The public may never know the truth, especially if the DNA samples in the custody of the SBI are never tested against the prime suspects other than Richard Johnson (who was not a match), as I suspect they have not been and will not be. The evidence supports that Nancy’s death came at the hands of more than one individual. But the additional living parties whose names have come to light – Henry Sharpe and Jackie Tweed – strongly deny involvement.
Will Nancy’s murder ever be officially resolved? I doubt it. For 15 years, the staff at SBI headquarters in Raleigh steadfastly refused to respond to my queries or to pursue the evidence I uncovered.

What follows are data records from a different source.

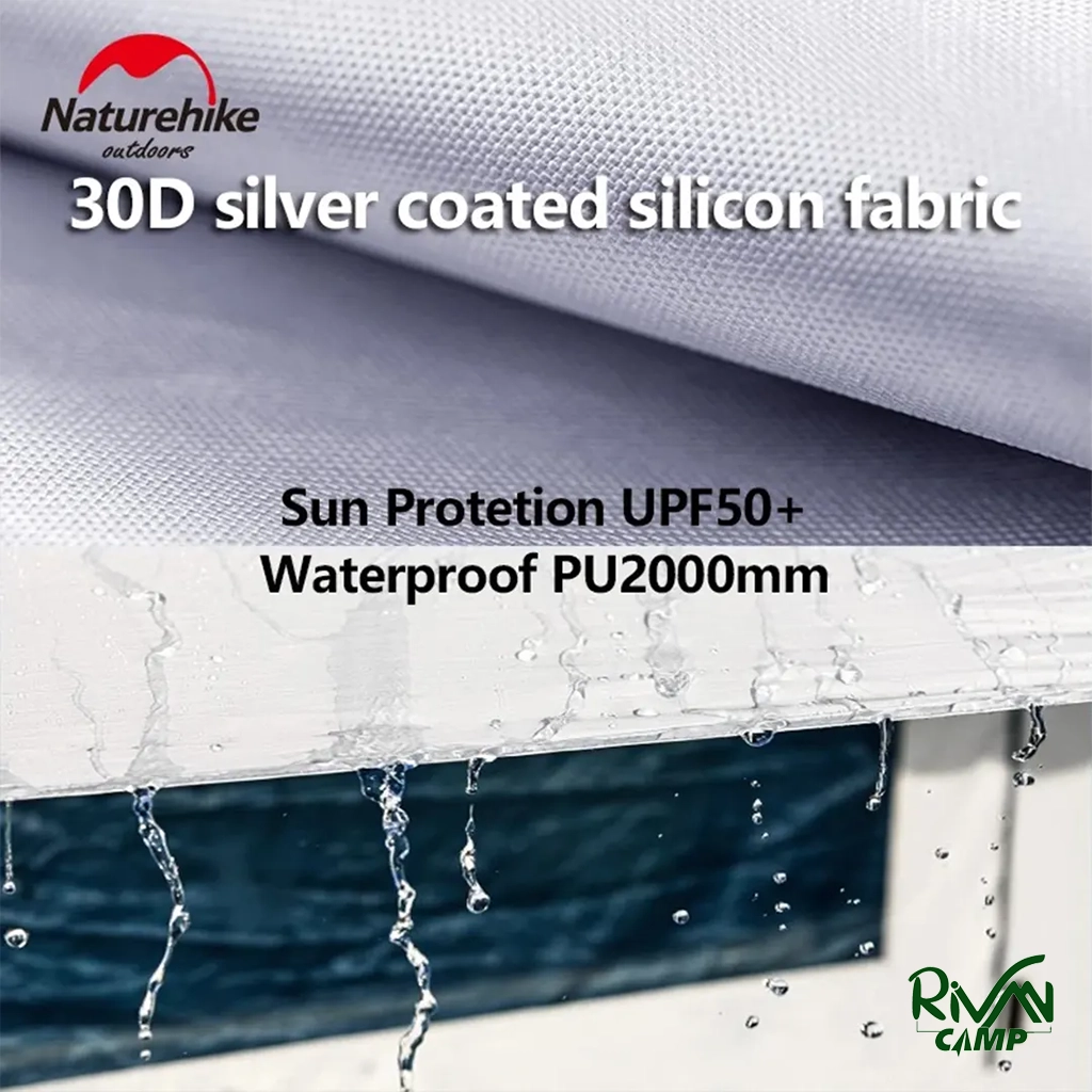 در ساخت این چادر از پلیاستر سیلیسی روکشدار، نایلون و TPUN استفاده شده که مقاومت خوبی در برابر سایش و شرایط آبوهوایی دارد. این متریال علاوه بر دوام بالا، وزن چادر را در حد مناسب نگه داشته تا حمل آن در سفرها سادهتر باشد. روکش نقرهای پلیاستر نیز باعث بهبود عملکرد ضدآفتاب با شاخص UPF50 شده و از نفوذ اشعه مضر خورشید جلوگیری میکند.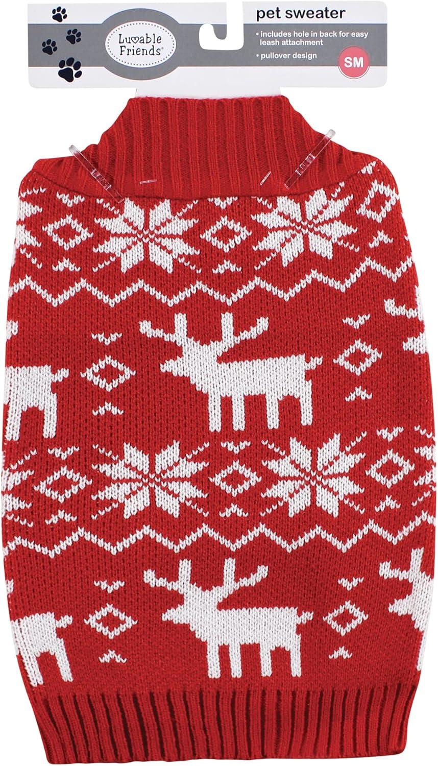 Luvable Friends Dogs and Cats Knit Pet Sweater, Buffalo Plaid, Small(Fair Isle)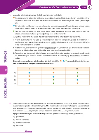 SÖZCÜKTE VE SÖZ ÖBEKLERİNDE ANLAM - 1 TEST 4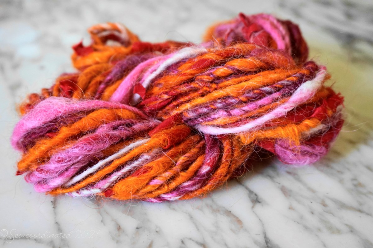 These spins feature inclusions of silk scraps from my sewing stash, a new technique that I’m playing around with for fun. They make a nice addition to art yarn, and help me bust out parts of my fabric stash, which is a big focus of my work this year. More on that in my next post!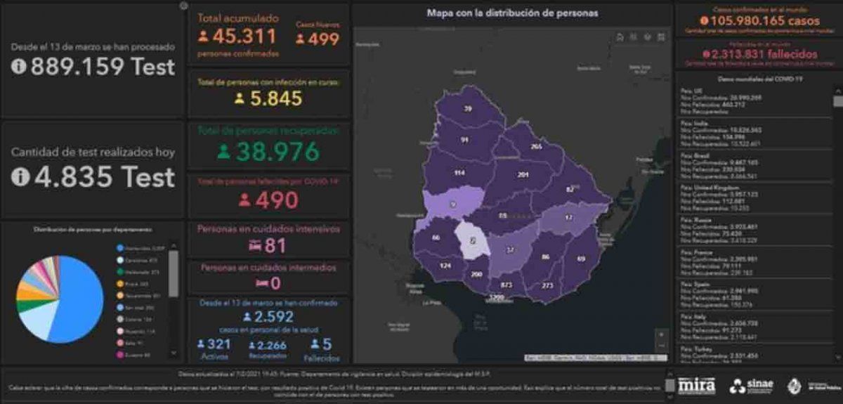 Uruguay registró este domingo 499 casos nuevos de Coronavirus Covid-19, en una base de 4.835 análisis procesados, lo que da un porcentaje de positividad del 10,32%.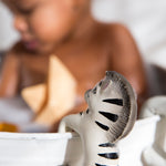 ZOE THE ZEBRA is an animal-shaped bracelet for teething and sensory play. Little gums will love the texture of the natural rubber. Soft, easy to grip and place around the wrist. Safe and worry free play!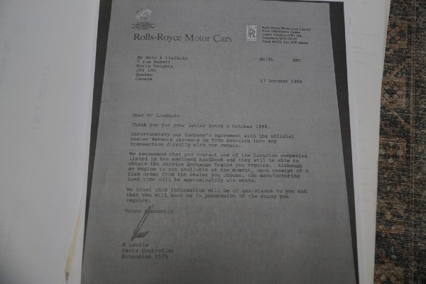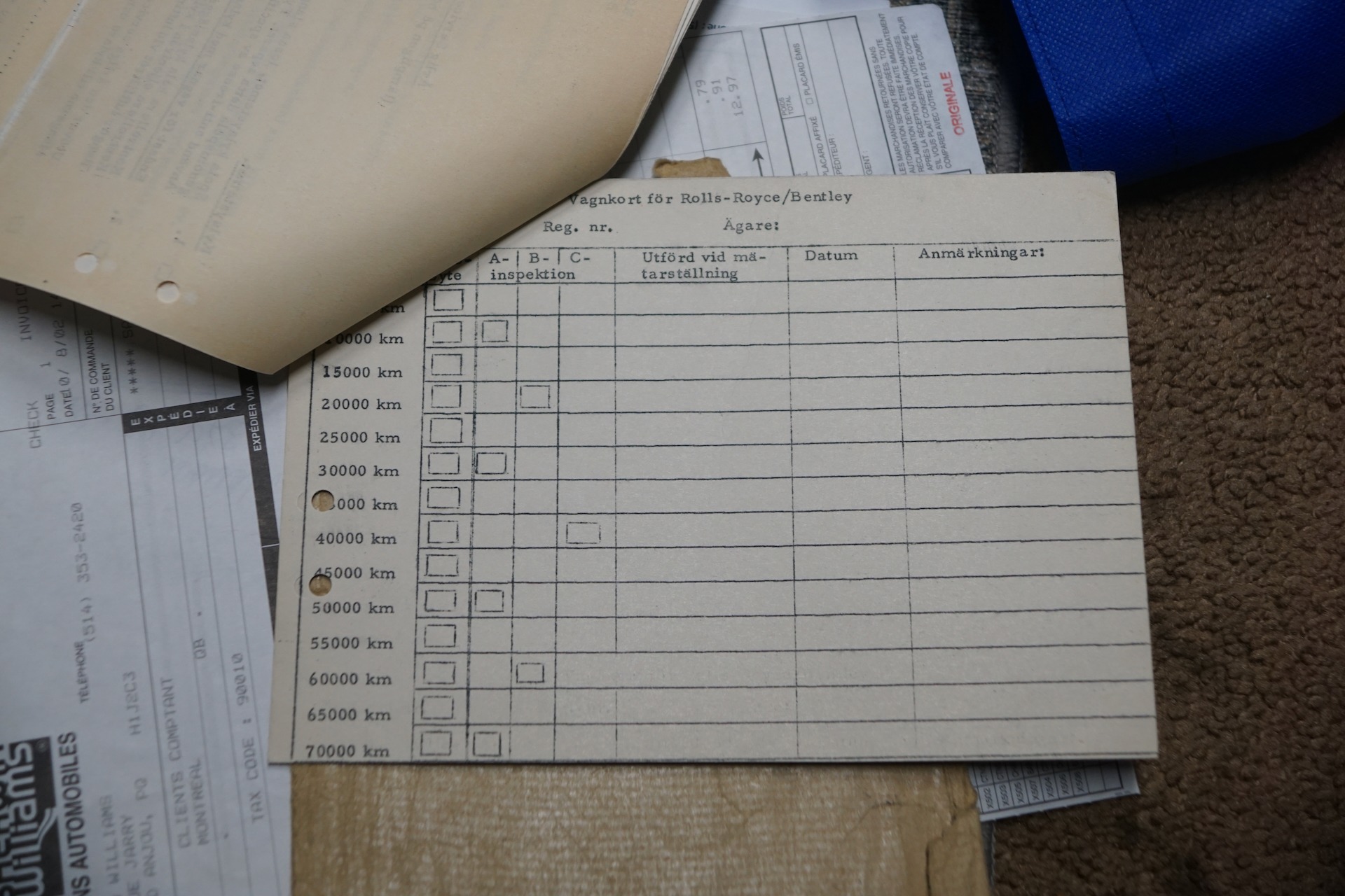 Connolly leather is legendary for being exclusively used in Rolls Royce and other high end British cars and came from unfenced cows which produced unblemished hides. All the chrome work including the front Rolls Royce grille and bumpers is absolutely outstanding. The door panels, carpets, dashboard and the original mohair headliner remarkably show virtually no signs of any wear. The car has it's original spare wheel with original jack still located in their rightful place of storage in the trunk compartment. The car also boasts its original factory build sheets from Rolls Royce of Crewe and the original delivery order form and paperwork!

Whichever account of the killing is accurate, I believe a force larger than a single man, or even five men, must share the blame. Nancy Morgan’s murder took place in a political culture in which people in authority turned blind eyes to the actions of men like Richard Johnson. And yet such crimes take place every day in America. Corruption can contaminate justice anywhere. Madison County is no more insular and violence-prone than many other places.